▸ **WORK INSTRUCTIONS**: Images are to be left out; everything else in the listing should be repeated exactly.

▸ **INFORMATION SHOWN**:
━━━━━━━━━━━━━━━━━━━━━━━━━━━━━━

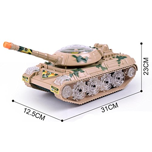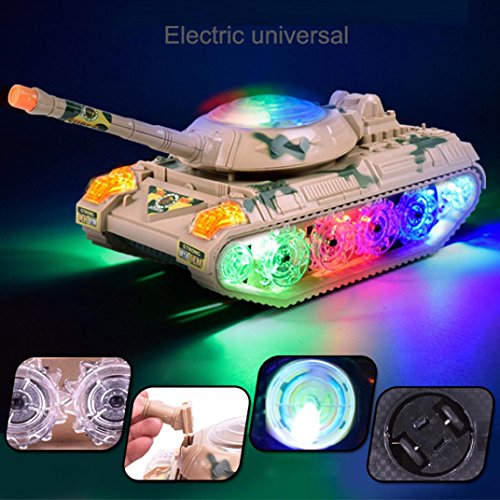 -. Binding : Toy -. Brand : Celendi -. EAN : 0664294304727 -. Feature : Intelligent movement sensor system . / Lots of 3D LED lights that are very bright and engaging ; Flashing lights and engine sounds with music . / Spinning wheels with flashing lights; Sound effects include realistic engine start up & music . / When it bumps into something on the ground , it acutally turns round and heads off in the opposite direction. / This toy is a remarkable gift for girls or boys. When playing, they can have lots of fun which is ideal as a gift for daily, birthdays, holidays. -. Label : Celendi -. Manufacturer : Celendi -. MPN : ag-15 -. PartNumber : ag-15 -. ProductGroup : Toy -. ProductTypeName : TOYS_AND_GAMES -. Publisher : Celendi -. Studio : Celendi -. Title : Celendi Super Tank with Music Automatic Steering Flashing Wheel Racing Toy Kids Gifts -. UPC : 664294304727
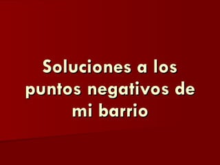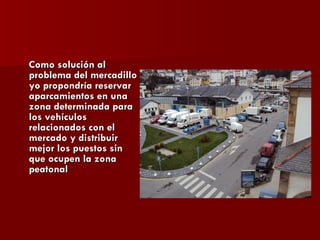 El documento propone tres soluciones a problemas en un barrio: 1) Reservar aparcamientos para vehículos del mercado y distribuir mejor los puestos para solucionar problemas con el mercadillo. 2) Hacer que las campanas de iglesia no suenen tan tarde o temprano para solucionar problemas con el ruido. 3) Hacer que una rula emita sonidos para espantar gaviotas cuando saque pescado para solucionar problemas con las gaviotas.
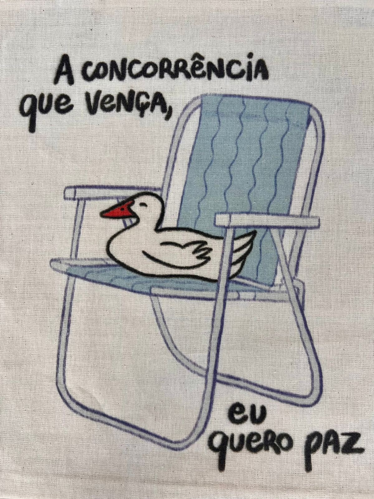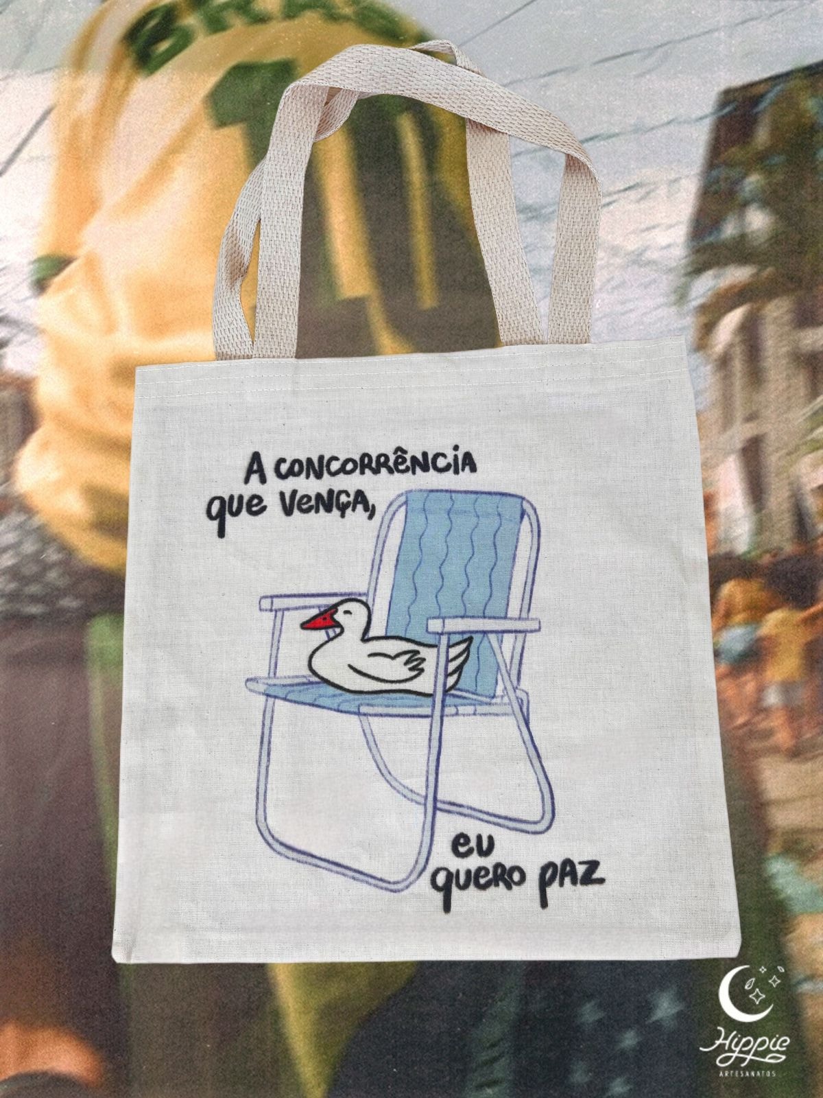 A concorrência que vença, porque eu nem disputo. A ecobag Pato A Concorrência Que Vença foi feita para quem preza a paz mais do que a competição. Nada melhor do que estar bem consigo mesmo e aproveitando a vida enquanto a concorrência disputa sozinha.

━━━━━━━━━━━━━━━━━━━━━━━━━━━━━━

▸ **SOLUTION FOR THIS TASK**:
 -. Binding : Toy -. Brand : Celendi -. EAN : 0664294304727 -. Feature : Intelligent movement sensor system . / Lots of 3D LED lights that are very bright and engaging ; Flashing lights and engine sounds with music . / Spinning wheels with flashing lights; Sound effects include realistic engine start up & music . / When it bumps into something on the ground , it acutally turns round and heads off in the opposite direction. / This toy is a remarkable gift for girls or boys. When playing, they can have lots of fun which is ideal as a gift for daily, birthdays, holidays. -. Label : Celendi -. Manufacturer : Celendi -. MPN : ag-15 -. PartNumber : ag-15 -. ProductGroup : Toy -. ProductTypeName : TOYS_AND_GAMES -. Publisher : Celendi -. Studio : Celendi -. Title : Celendi Super Tank with Music Automatic Steering Flashing Wheel Racing Toy Kids Gifts -. UPC : 664294304727
 El documento propone tres soluciones a problemas en un barrio: 1) Reservar aparcamientos para vehículos del mercado y distribuir mejor los puestos para solucionar problemas con el mercadillo. 2) Hacer que las campanas de iglesia no suenen tan tarde o temprano para solucionar problemas con el ruido. 3) Hacer que una rula emita sonidos para espantar gaviotas cuando saque pescado para solucionar problemas con las gaviotas.
 A concorrência que vença, porque eu nem disputo. A ecobag Pato A Concorrência Que Vença foi feita para quem preza a paz mais do que a competição. Nada melhor do que estar bem consigo mesmo e aproveitando a vida enquanto a concorrência disputa sozinha.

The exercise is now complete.